Saturday, November 27, 2010
Thwak!! That was the sound the young Red-tailed Hawk made as it left its perch 10 feet above and in front of us and landed at our feet, less than 6 feet away. I assume that he thought he spotted something though as we watched and sketched him today at Morris Arboretum we never saw any sign of him actually capturing anything. The next thing you knew he flew straight at us missing our heads by less than three feet!
I've been reading a wonderful book over the last few days called 'Modern Wildlife Painting' by Nicholas Hammond. It covers American and European wildlife art over the last 200 years more or less. One repeating theme is familiar to me: berating wildlife art that relies too much on photos and too little on real life experience and field sketching. He mentions artists like Liljefors who were active hunters, who lived in the natural world, and knew it through experience.

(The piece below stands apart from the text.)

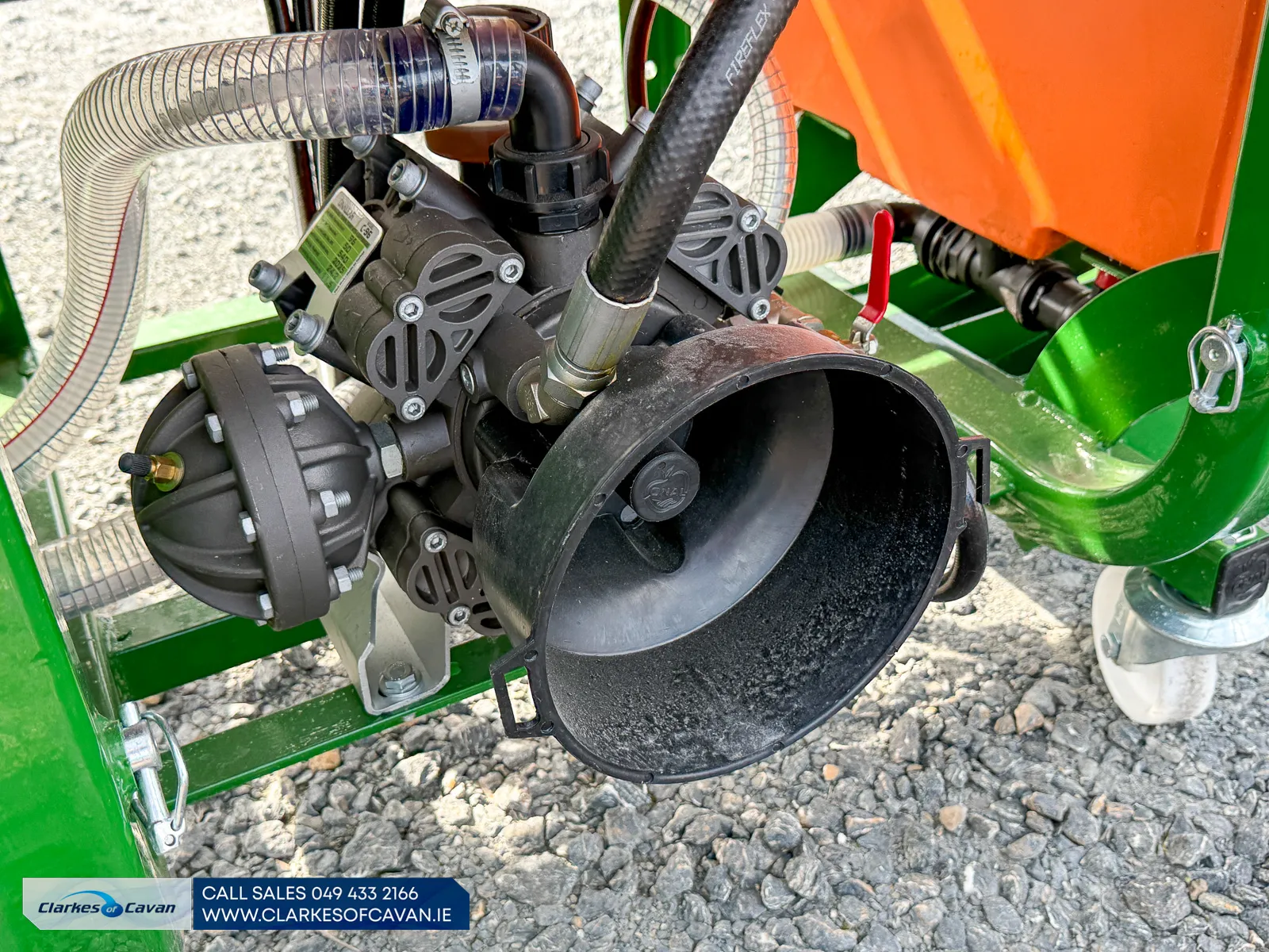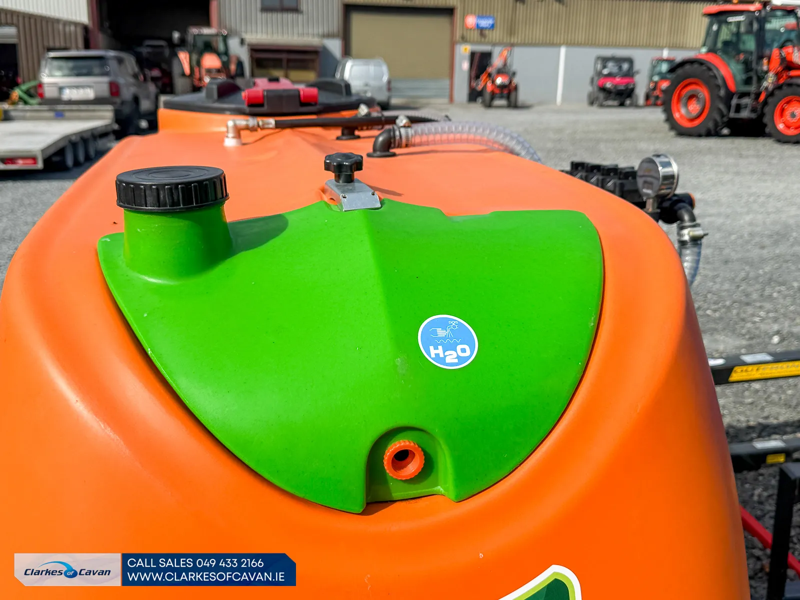 Galvanised and painted frames, Galvanised boom Tank made from reinforced polyethene, Diaphragm Pump, Anti-drip nozzle

Being a city dweller, even though I grew up on the outskirts of a small town with farms and fields nearby, I realize that my experience of nature is limited. I don't 'live' in it, except as it exists in cities. So I can ID a hawk. But I really can't tell you much about it. Today's experience was exciting in the sense that it gave us a glimpse into the hawk's life from his perspective, not ours. He was hunting. We were unwitting witnesses.
I did a field sketch of the hawk that is below. The bottom sketches show him after he landed right in front of us. At least one of them captures I think the sense of movement as he tried to plant his feet and talons firmly on the prey, which may or may not have actually been there.
At top is a quick watercolor based on a photo I also took at that time. What's most amazing to me about the photo, and what I tried to capture in the sketch, is the way his legs showed enormous strength and his wings were pulled up as though he was going to use them as weapons. In doing the watercolor I tried to capture the strength and forcefulness of the hawk at this time. In some ways it doesn't really look like a hawk. But this is pretty much what I saw. Animals can always surprise you, as long as you take the time to visit them in their world.
I also did some quick field sketches of Canada Geese at Valley Green a few days ago. They're below. They are a very common, and often unloved, bird. But they are wonderful subjects for drawing.